JAKARTA, KOMPAS.com - Komisioner Komisi Nasional Hak Asasi Manusia (Komnas HAM), Amiruddin Al Rahab mengatakan, Komnas HAM akan mengundang penyelenggara pemilu, serta pemerintah dan Polri.
Pertemuan itu untuk membahas potensi hilangnya hak pemilih dan pelanggaran hak politik warga negara pada Pilkada Serentak 2018 pada 27 Juni 2018.
"Minggu depan akan kami undang, duduk bersama di di Komnas HAM. Undang KPU, Bawaslu, Kemendagri dan Polri, jalan keluarnya apa?" ujar Amiruddin di Kantornya, Jakarta, Rabu (9/5/2018).
Sebelum itu, Komnas HAM akan terlebih dulu mengirimkan hasil pemantauan pilkada yang telah dilakukan di sejumlah daerah.
"Temuan ini akan kami sampaikan ke KPU, Bawaslu dan Kementerian Dalam Negeri dalam waktu segera," kata Amiruddin.
Menurut Amiruddin, langkah tersebut diambil pihaknya untuk memberikan saran perbaikan bagi penyelenggaraan pesta demokrasi daerah tersebut.
"Laporan ini juga tantangan buat negara, makanya kami sampaikan sekarang agar cepat diambil langkah-langkah," kata Amiruddin.
"Kalau disampaikan seminggu sebelum pilkada kan sudah enggak ada waktu lagi. Mumpung ada waktu dua bulan, moga-moga sebulan ke depan ada langkah," tuturnya.
Baca juga: Ini Empat Temuan Komnas HAM Jelang Pilkada Serentak 2018
Diketahui ada sejumlah temuan Komnas HAM jelang penyelenggaraan Pilkada serentak 2018.
Pertama, masalah dan potensi hilangnya hak pilih warga negara yang berusia 17 tahun atau yang sudah/pernah kawin yang belum memiliki e-KTP atau surat keterangan (Suket) pengganti e-KTP.
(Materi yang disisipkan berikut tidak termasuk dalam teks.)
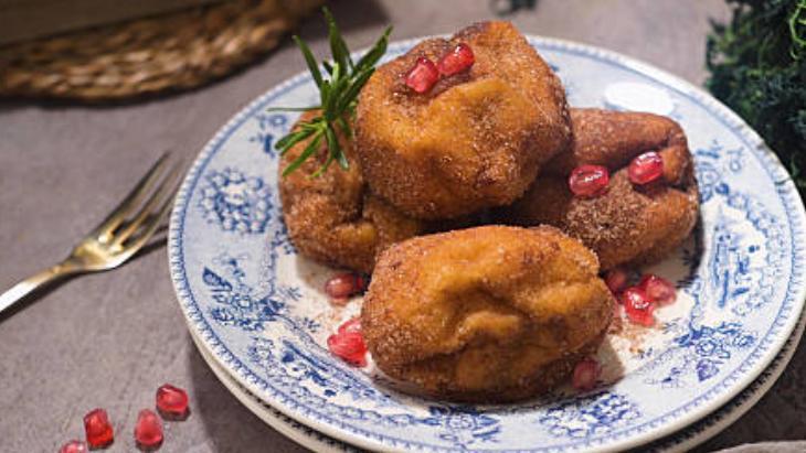 Hamuru için 3 su bardağı un, 3 yemek kaşığı tereyağı (soğuk), 1 yemek kaşığı elma sirkesi, ¾ su bardağı soğuk su gerekiyor. İç harcı için 2 adet cennet hurması, 1 adet elma, 1 adet muz, 2 yemek kaşığı toz şeker, ½ çay kaşığı tarçın, ¼ çay kaşığı toz zencefil, ¼ çay kaşığı muskat cevizi rendesi kâfi olacak. Kızartmak için de ½ su bardağı sıvı yağ ve son olarak üzeri için ½ su bardağı toz şeker, 1 tatlı kaşığı tarçın gereken gereçlerdir.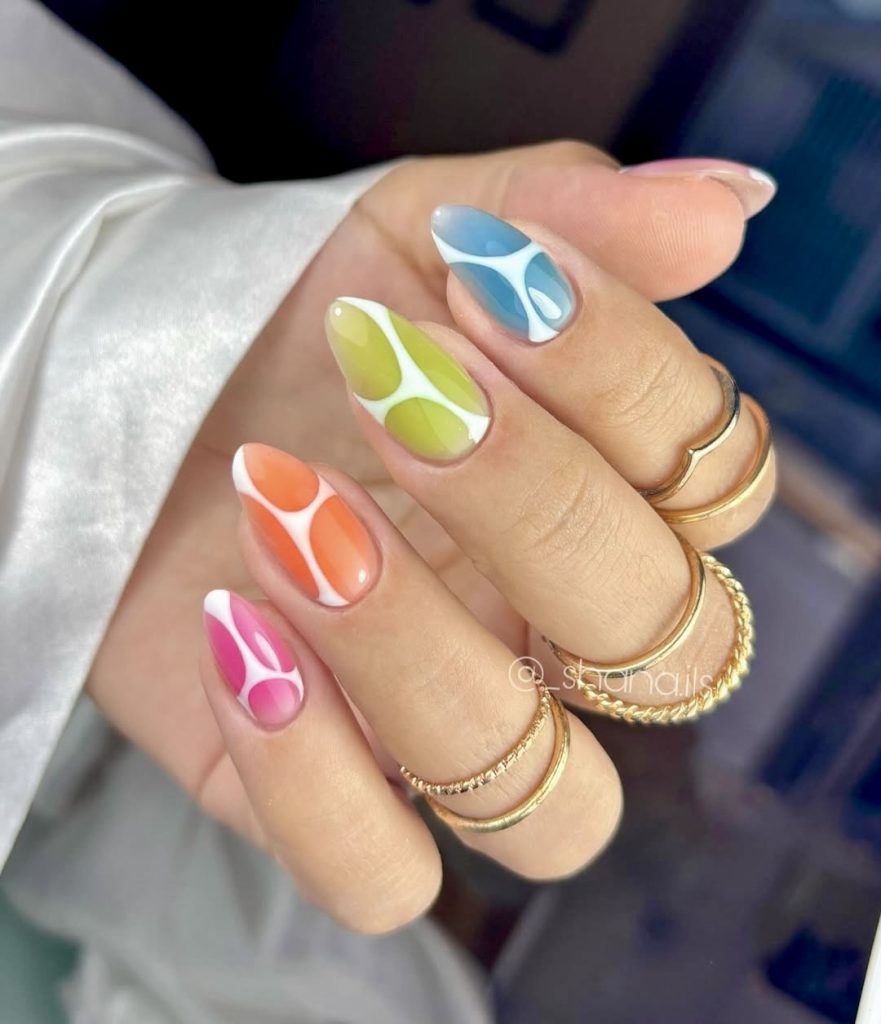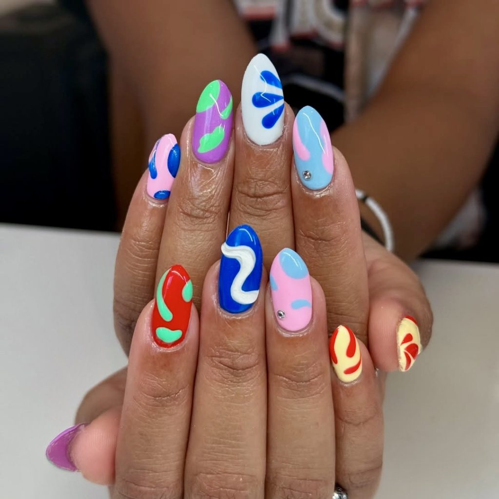Vivid and vibrant, this colorful set is a perfect addition to your summer nails 2025 lineup. Each nail is decorated with a different abstract splash or squiggle in combinations like red and mint green, cobalt and white, or pink and sky blue. The gel finish gives the designs a more realistic look and the almost 3D matte shines increase the contemporary vibe. Suitable for those who like the idea of pairing their nails with statement accessories or contrasting fabrics like denim and silk. With a short to medium almond shape this set is both wearable and bold, thus making it an everyday go-to style piece.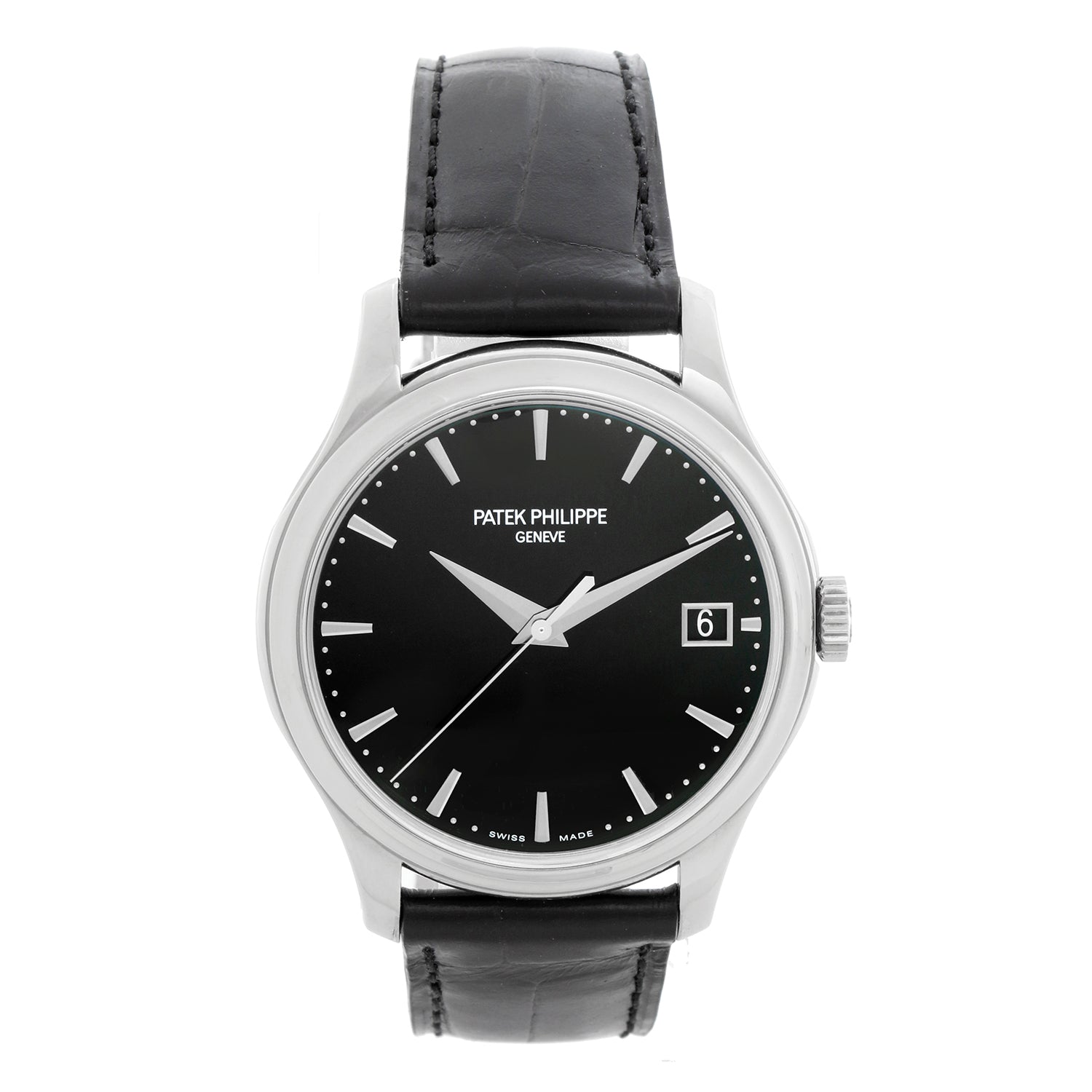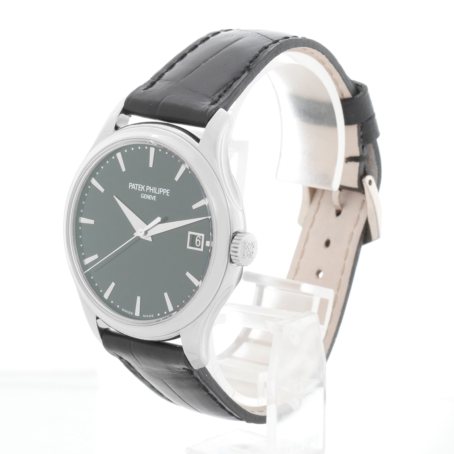 Patek Philippe Calatrava 18k White Gold Men's Automatic Watch 5227G - Automatic winding with date at 3 o clock. Calatrava. 18K White gold case with smooth bezel (38 mm) Exhibition back. Black dial with raised white gold markers. Black Patek Philippe strap band with white gold tang buckle. Pre-owned with Patek Philippe travel box. Original Patek Philippe archive papers can be ordered for additional $650.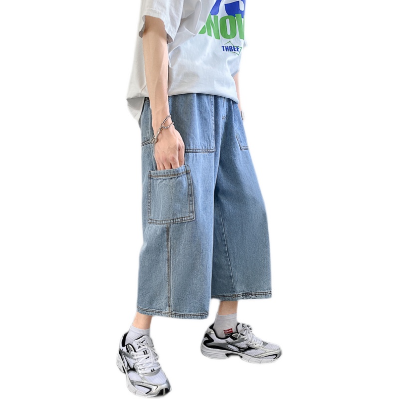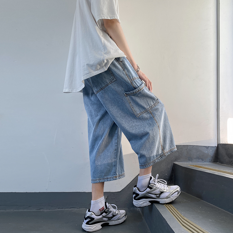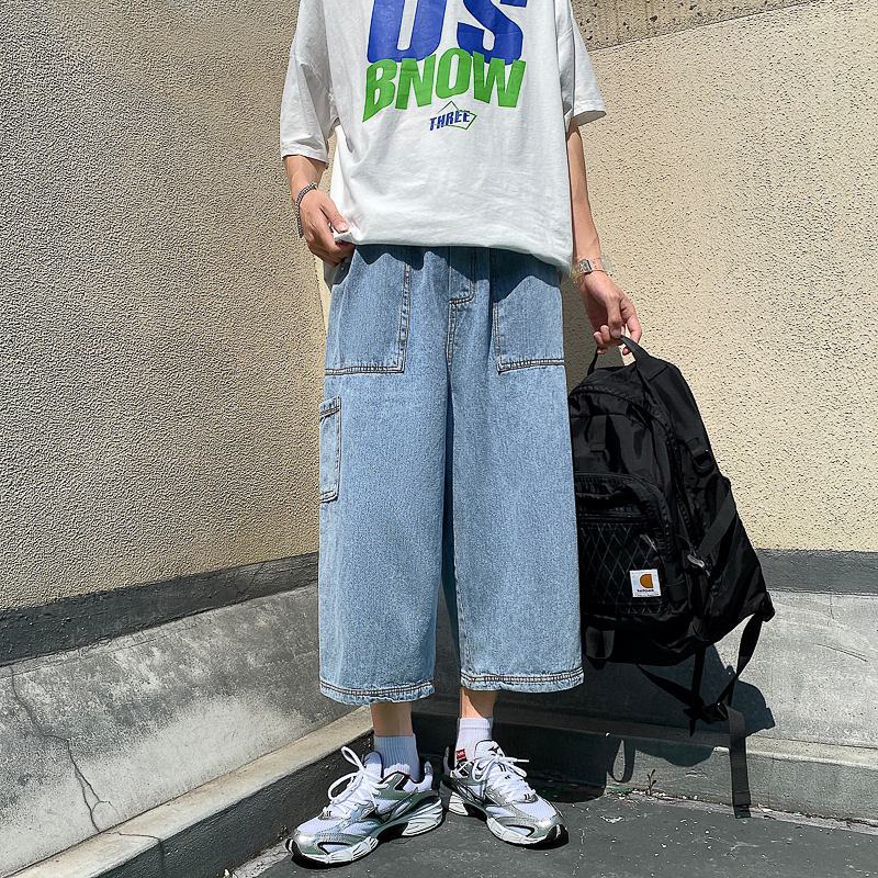 七分牛仔短裤子男士夏季薄款潮牌宽松直筒工装裤2023新款夏天中裤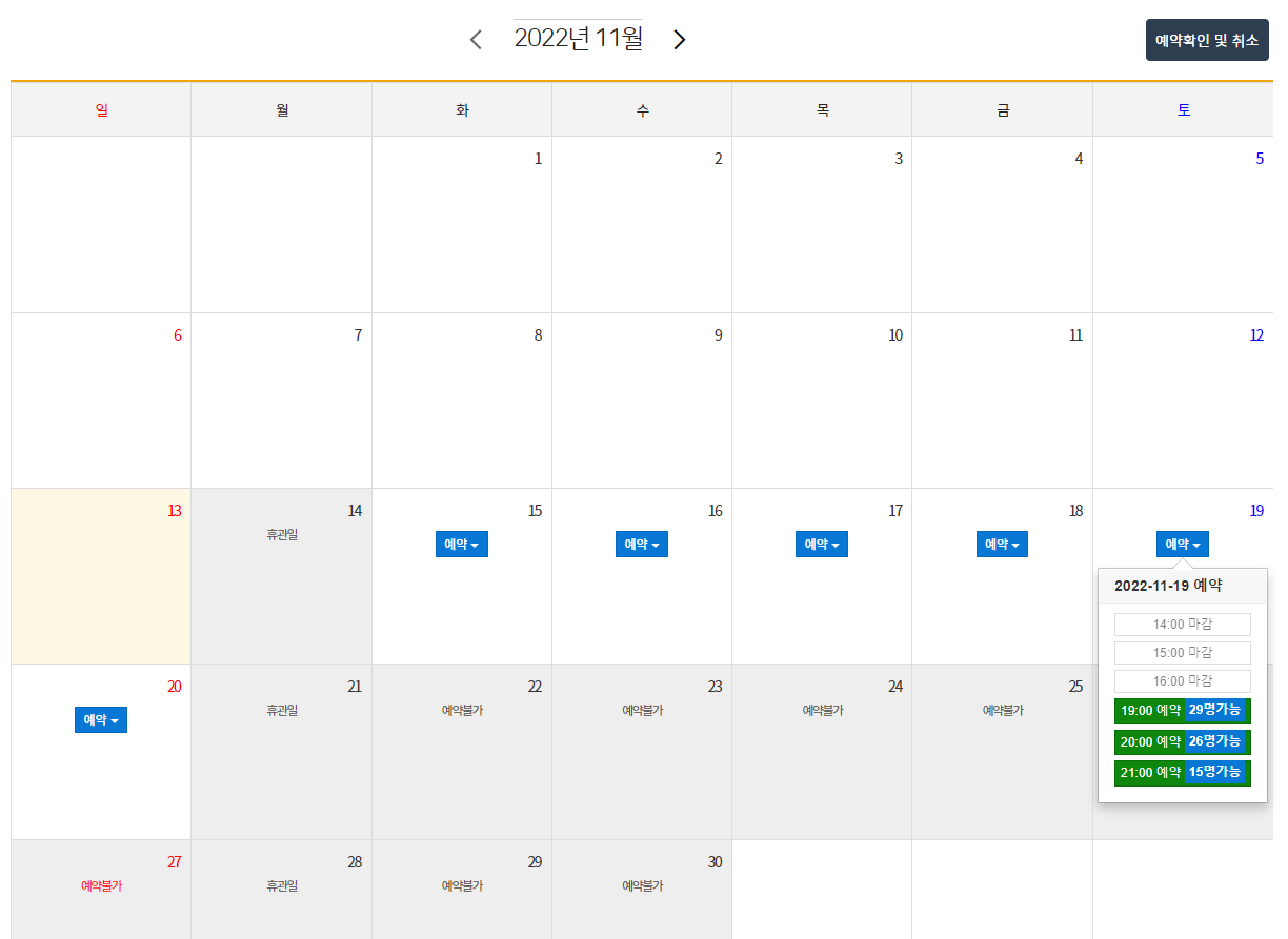 예약이 완료되면 위 그림처럼 예약을 진행한 대표자의 이름과 인원수, 신청 현황을 확인할 수 있습니다. 여기서 대표자의 이름이 보인다면 무사히 예약이 완료된 것입니다.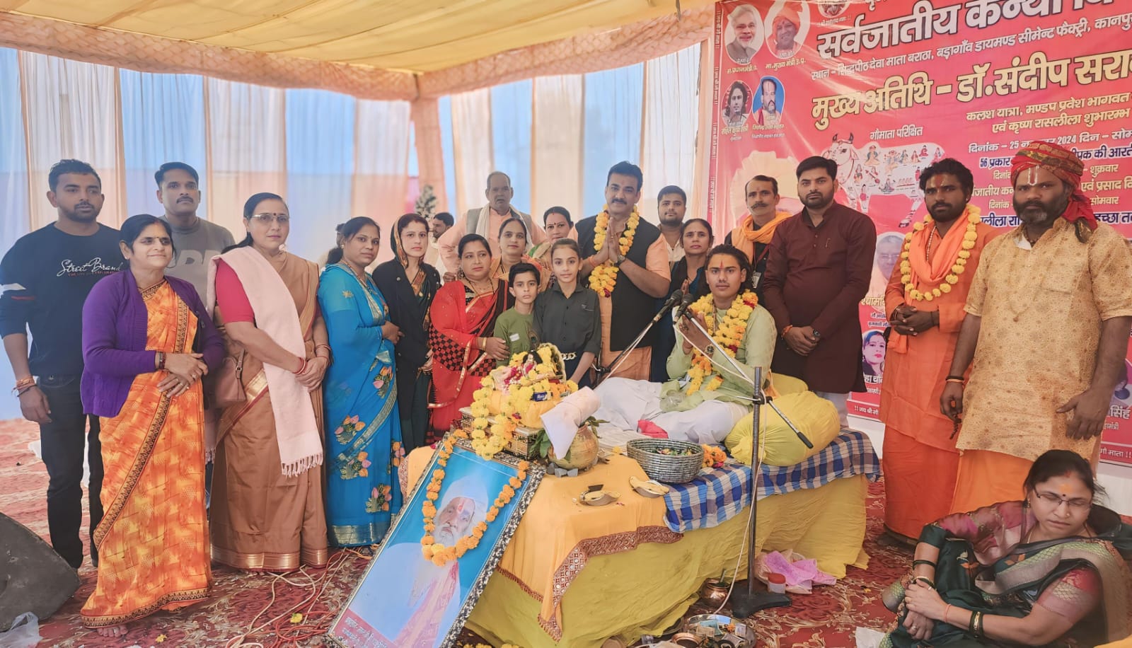 झाँसी। बृजवासी गौ रक्षक सेना भारत संगठन के तत्वाधान में बड़ागांव डायमंड सीमेंट फैक्ट्री के समीप स्थित सिद्धपीठ देवा माता बराठा मंदिर पर सर्वजातीय कन्या विवाह का भव्य आयोजन किया गया। 25 नवंबर से प्रारंभ हुए इस कार्यक्रम में कलश यात्रा के साथ कार्यक्रम की शुरुआत हुई। यह कार्यक्रम 2 दिसंबर को सर्वजातीय कन्या विवाह एवं विशाल भंडारे के साथ समाप्त होगा। दिनांक 28 नवंबर को भागवत कथा का आयोजन किया गया जिसमें कथावाचक के रूप में वृंदावन से पधारे रोहित कृष्ण शास्त्री ने भागवत कथा की महिमा कार्यक्रम में उपस्थित भक्तजनों के समक्ष रखी। इस कार्यक्रम में मुख्य अतिथि के रूप में जनपद की प्रतिष्ठित समाजसेवी डॉ० संदीप सरावगी उपस्थित रहे। मुख्य अतिथि के आगमन पर आयोजक मंडल द्वारा तिलक व माल्यार्पण कर उनका स्वागत किया गया। इस अवसर पर डॉ० संदीप ने कहा गीता के नियमित पाठ से हमारा मन शान्त रहता है, हमारे अंदर के सारे नकारात्मक प्रभाव नष्ट होने लगते हैं, सभी प्रकार की बुराइयों से दूरी स्वतः बनने लगती है और हमारे अंदर का सारा भय दूर हो जाता है जिससे हम निर्भय बन जाते हैं। समय-समय पर श्रीमद् भागवत गीता का पाठ करते रहना चाहिये। इस अवसर पर मुख्य रूप से प्रेम किशोर गंगवार राष्ट्रीय सचिव, बृजेश तिवारी महोबा प्रदेश कॉऑर्डिनेटर, अरविंद सोनी प्रदेश कार्यकारिणी अध्यक्ष, दिलीप भार्गव कानपुर प्रांत संगठन मंत्री, बलराम दास बाबा, पुष्पा देवी गंगवार राष्ट्रीय सचिवालय कार्यालय प्रभारी, नेहा चौबे प्रदेश कार्यकारिणी अध्यक्ष, हेमलता विश्वकर्मा जिला महामंत्री झांसी, सुनीता सोनी प्रदेश सचिव, कुसुम साहू प्रदेश संयोजक, महिला मोर्चा, राजेश्वरी पटेल प्रदेश मंत्री, महिला मोर्चा, प्रकाश माते, महंत जितेंद्र शरण महाराज सिद्ध पीठ महंत देवा माता, रागिनी सिंह व सैकड़ों की संख्या में क्षेत्रीय जन व भक्तगण उपस्थित रहे।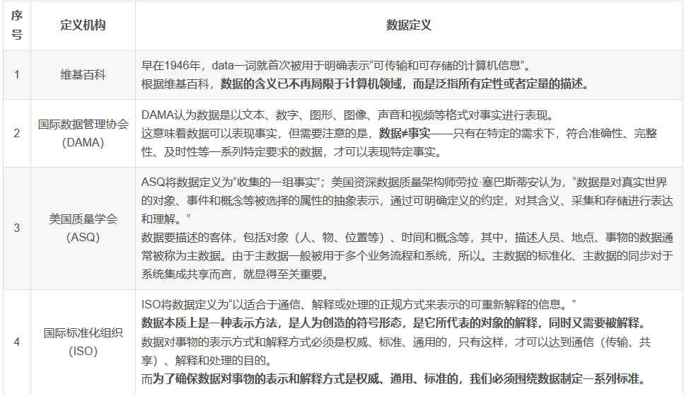 谈到什么是数据化,我们先说说什么数据。不同的组织有不同的定义,让我们用一张图来说明。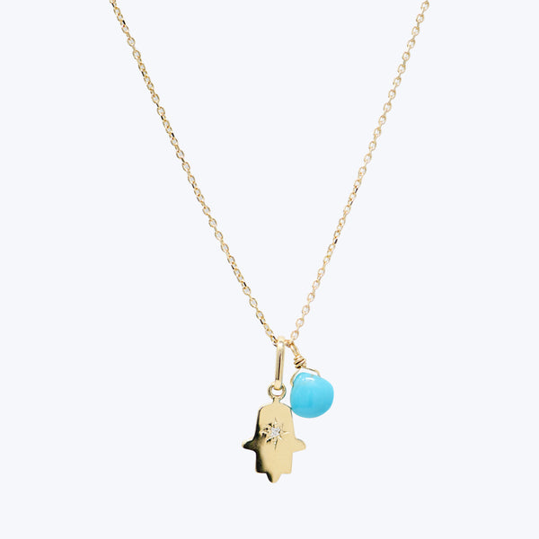 An hamsa charm hangs delicately off of a gold chain complimented by a turquoise briolette.
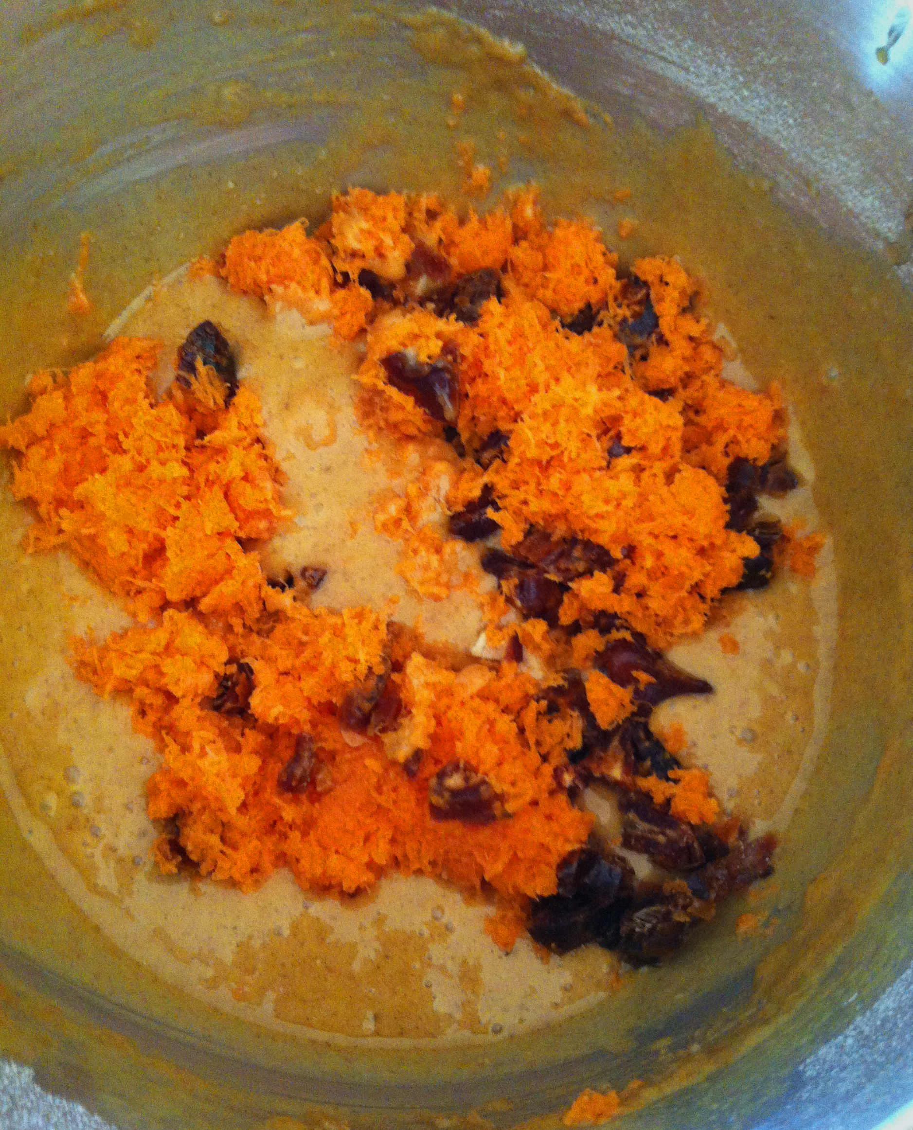 - Beat the eggs and add to the pan. Stir in the dates and carrots. Pour into the cake tin and sprinkle 2 level tablespoons Demerara sugar over cake and bake on centre shelf for 1 hr 20 mins. 6. Once cool, wrap up in cling film and leave for 2 to 3 days before eating. [If you want a fancy pattern on it, mix icing sugar and a dash of water to a paste, pour into a piping bag and zigzag over.]

Komnas HAM mencermati adanya ratusan ribu pemilih yang dicoret dari daftar pemilih sementara yang telah ditetapkan menjadi daftar pemilih tetap
Kedua, masih ditemukan situasi dan praktik ujaran kebencian serta diskriminasi berbasis ras, etnis, dan agama di wilayah-wilayah yang menggelar Pikada 2018.
Hasil pantauan Komnas HAM, di Pilkada Kabupaten Garut ditemukan fakta adanya ujaran kebencian terhadap salah satu pasangan calon. Saat ini proses pemeriksaan perkara sudah di kepolisian.
Ketiga, pemenuhan hak kelompok rentan masih bermasalah, terutama bagi tahanan, warga binaan yang berada di rutan atau lapas, dan pasien di rumah sakit serta penyandang disabilitas.
Keempat, adanya potensi kehilangan hak untuk memilih bagi para pekerja yang berada di perkebunan, misalnya di Sumatera Utara dan Kalimantan Barat.
Alasannya, para perusahaan tempat para pekerja tersebut, pada praktiknya sering tidak memberikan hari libur pada saat pemungutan suara pilkada.